DNA w kodzie kreskowym

Nowa technika identyfikacji genetycznej została rozwinięta w laboratoriach szwedzkich i duńskich. Nasz genom może więc zostać zapisany jak na mapie poprzez nanofluidy pod postacią 46 kodów kreskowych, tak samo jak chromosomy. DNA jest narzędziem bardzo cennym w wielu dziedzinach: w medycynie, do wykrywania chorób genetycznych albo czynników infecji, ale także dla wymiaru sprawiedliwości, ponieważ pozwala indentyfikować nieodwołalnie sprawców zbrodni.

Od czasu, kiedy odkryto DNA, metody identyfikacji jego sekwencji przeszło od etapu wręcz rzemieślniczego, z sekwencjonowaniem jedynie kilu setek nukleotydów dziennie, czyli tak zwana metoda Maxam-Gilberta, do metod praktycznie na skalę przemysłową, metod automatycznych, gdzie maszyny są w stanie przebadać 600 000 000 par podstaw, czyli tak zwane pirosekwencjonowanie 454.

Nowa technologia właśnie się narodziła, jest ona w dodatku bardzo szynka i mało kosztowna, a pozwoli ona być może na przyśpieszenie procesu otrzymywania informacji genetycznych. Poza tym, technika ta jest bardzo precyzyjna, ponieważ zajmuje się ona jedną jedyną cząsteczką DNA, a nie, jak to było kiedyś, całością molekuł. Technika ta, rozwinięta dzięki nanofluidom, na Uniwersytecie w Lund w Szwecji, pozwala otrzymać obraz DNA pod postacią kodów kreskowych, specyficznych dla układu nukleotydowego DNA.

Proces ten rozpoczyna się od rozłożenia i rozciągnięcia każdego z chromosomów zawartych w komórce, w swojego rodzaju nanotunelu, oznaczonego na macierzy. Następnie, proces opiera się na właściwościach fizycznych DNA. Cztery nukleotydy, podstawowe części DNA, czyli adenina, tymina, cytozyna i guanina, tworzą pary baz, które łączą dwie części DNA. Adenina paruje się z tyminą w związku bardziej labilnym i mniej stałym niż ten związek, który jest tworzony przez cytozynę oraz guaninę. 

Te różnice prowadzą do przerwania związku adenina-tynina (związek A-T), w temperaturze niższej, niż związku guanina-cytozyna (związek G-C). W zależności od zastosowanej temperatury w stosunku do danej molekuła DNA, dwa fragmenty DNA są mniej lub bardziej trwale sparowane, co przypomina nieco zepsuty zamek błyskawiczny, który otwiera się bądź zamyka w różnych miejscach.

Aby odróżnić strefy sparowane od stref otwartych, użyto szczególnej substancji fluoroscencyjnej. Substancja ta została wprowadzona w strefy o podwójnych fragmentach DNA. Fluoroscencja jest więc silniejsza w tych miejscach, gdzie dwa fragmenty są sparowane. Takie różnice we fluoroscencji występują na całej długości molekuł DNA, i właśnie te różnice rysują kod kreskowy.

Technika ta, opublikowana w dzienniku PNAS, wydaje się bardzo precyzyjna, ponieważ naukowcy porównali kody kreskowe otrzymane eksperymentalnie w ten sposób z kodami kreskowymi obliczonymi teoretycznie i odpowiadają one sobie prawie perfekcyjnie.
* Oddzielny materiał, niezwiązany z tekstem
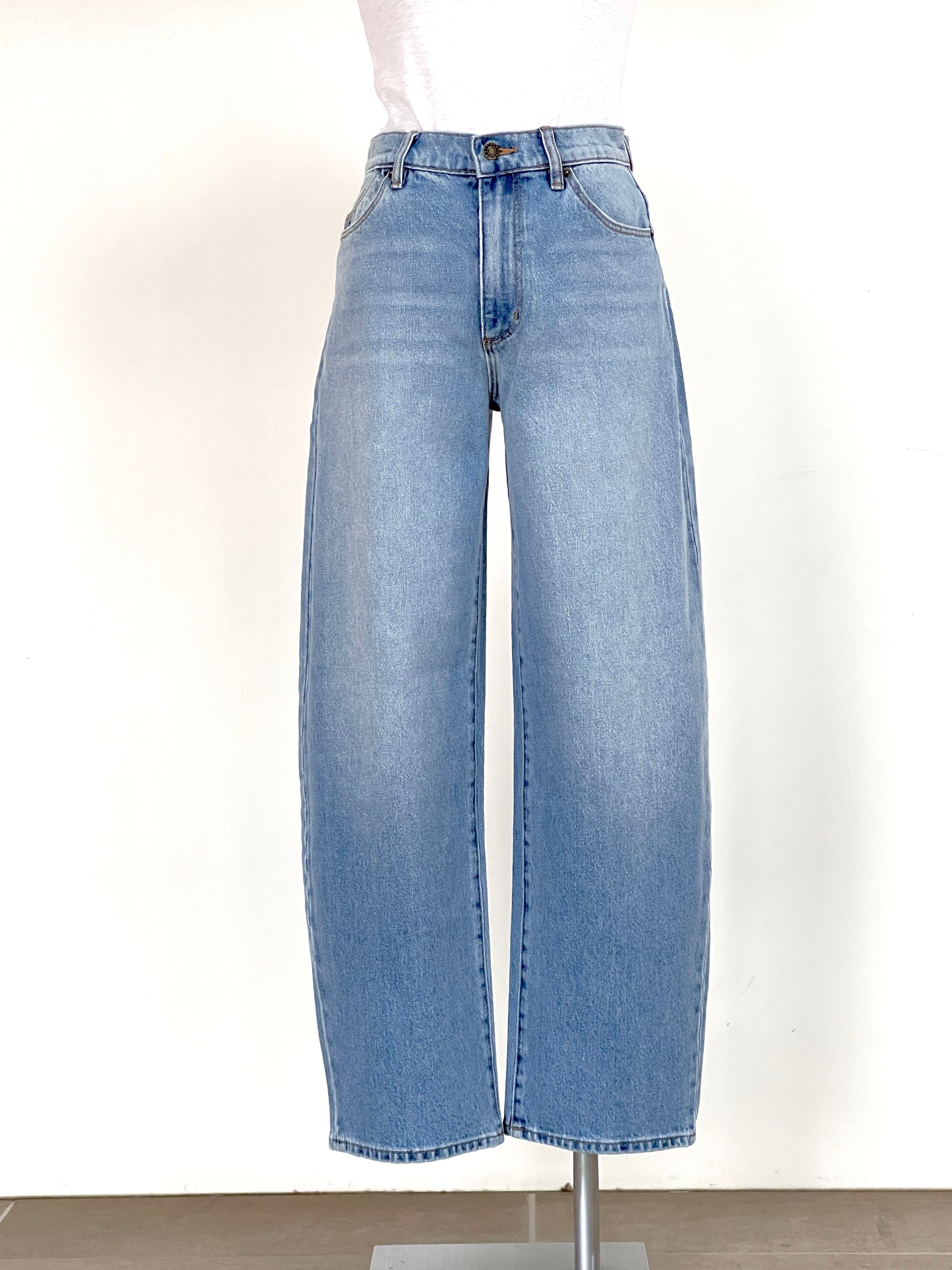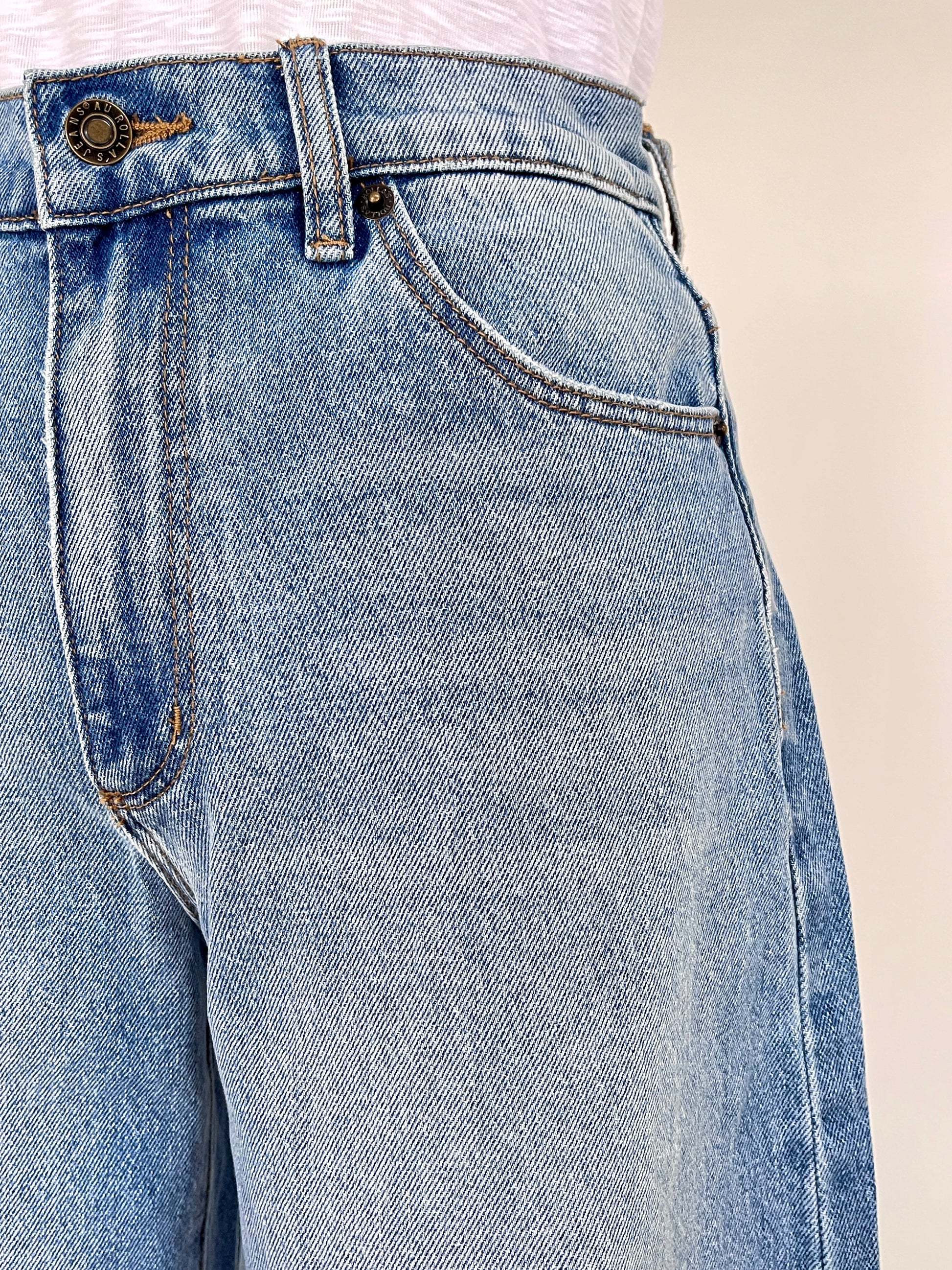 ウエストから腰回りのラインは程よいフィット感があり、裾に向かって細くなるシルエットが特徴的。ラフさを出すならサイズアップしてルーズに履くのもオススメ。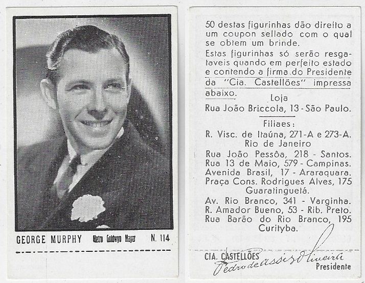 | 66181 | Brasil, 1930s, estampa Eucalol série 63, estampa 2, "Artistas de Cinema - Pat O´Brian", verso "Usem..." | 25,00 | Foto |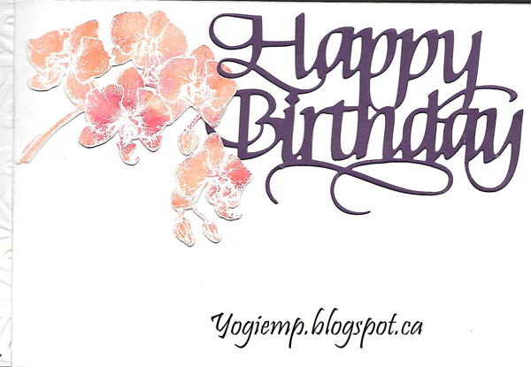 Inside: Used my electronic cutter to cut the outline of the orchid stamp from Distress Oxide decorated cardstock. Inked with Distress Picket Fence and embossed with white embossing powder. Die cut the "Happy Birthday" (Elizabeth Craft Designs die also available on Quietfire Design) from a purple scrapbook cardstock.
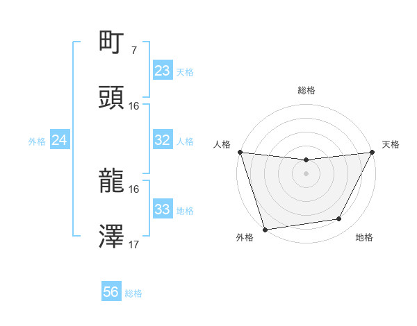 町頭 龍澤さんを姓名の画数から五運を鑑定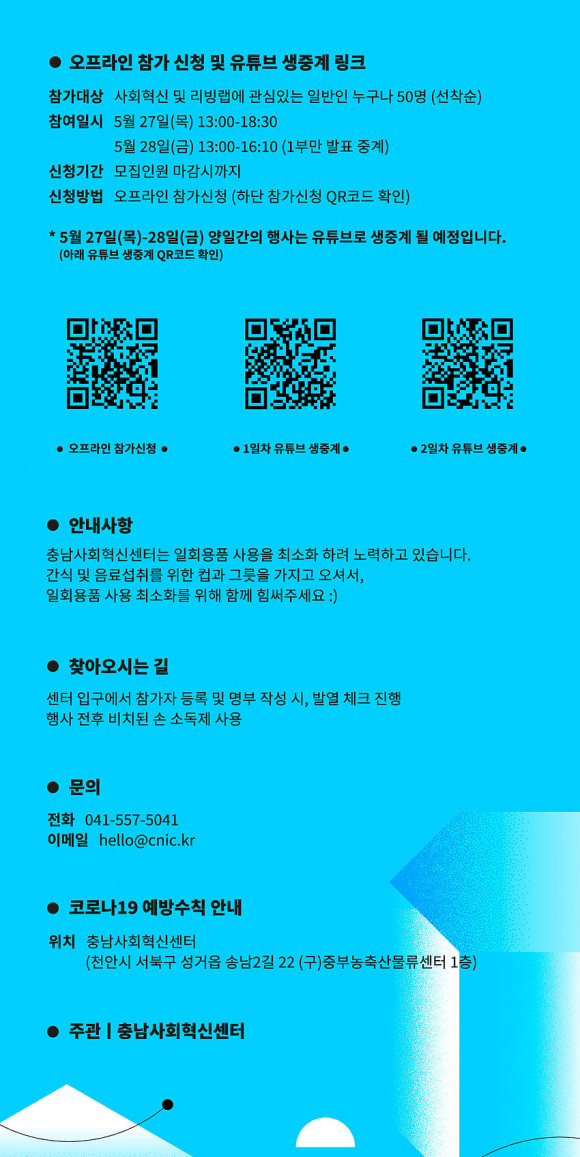 Ãæ³²»çȸÇõ½Å¼¾ÅÍ(¼¾ÅÍÀå ¹ÚÁÖ·Î)´Â 5¿ù 27ÀϺÎÅÍ 29ÀϱîÁö 3Àϰ£ ¿Â¡¤¿ÀÇÁ¶óÀÎ »çȸÇõ½ÅÆ÷·³ ¡®¸®ºù·¦ ÇØº¼·¦¡¯À» °³ÃÖÇß´Ù°í 5¿ù 31ÀÏ ¹àÇû´Ù.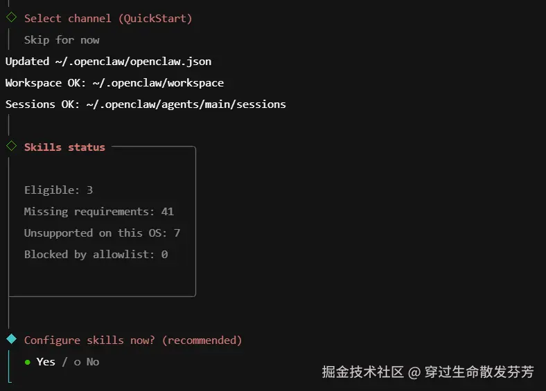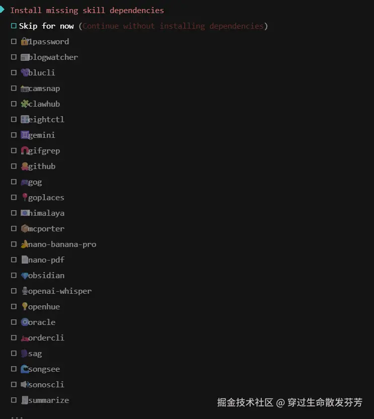 8、配置skill,可以按照自己的需求自行选择。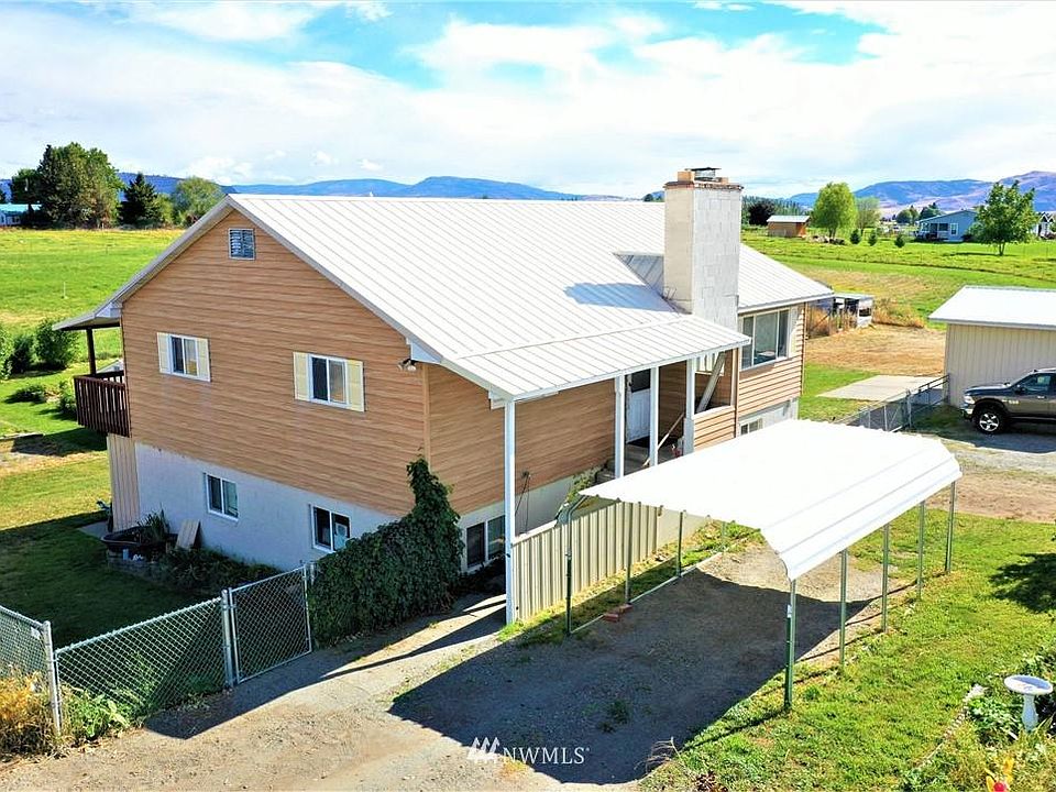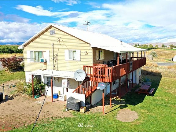 So many possibilities with this 4 bed/2 bath 2268 sq. ft. home on 2.5 irrigated acres. Main level of the home has large living room with fireplace & insert, kitchen with tons of cabinets (all higher end appliances are nearly brand new including the induction/convection stove), dining room with pellet stove & sliding doors leading to large 252 sq. ft. deck, full bath, & 2 bedrooms. The daylight basement has its own access, kitchen, living room w/ wood fireplace, full bath, bonus room/laundry w/ pellet stove, and 2 bedrooms. 2 large shop/garages with power & work benches, barn with power & tack room, chicken coop, garden shed, garden area & RV parking with 30 & 50 amp power. Yard and pasture (with sprinklers) is fenced. Private well.

Jednakże, otrzymano jedynie globalny obraz DNA, nie jest jeszcze możliwe określenie dokładnej sekwencji nukleotydowej.

Aczkolwiek potencjalne zastosowania tego odkrycia są naprawdę liczne: bazy danych będą być może mogły zawierać wszyskie znane DNA pod postacią kodów kreskowych, w celu ułatwienia identyfikacji wirusów bądź bakterii obecnych w ciele pacjenta. Będą być może także mogły pomóc określić anomalie chromosomowe, które są często przyczyną chorób genetycznych, porównując kod kreskowy zdrowego chromosomu z chromosomem pacjenta.

Technika ta, która pozwala zwizualizować indywidualnie każdy chromosom pojedynczej komórki, może także określać różnice genetyczne między dwiema komórkami na łonie tej samej populacji komórkowej, czyli jest to coś, co jest niewykonalne dla innych technologii sekwencjonowania. Jest to ważne na przykład dla zrozumienia odporności na leczenie komórek rakowych, których heterogeniczność genetyczna mogłaby być przyczyną.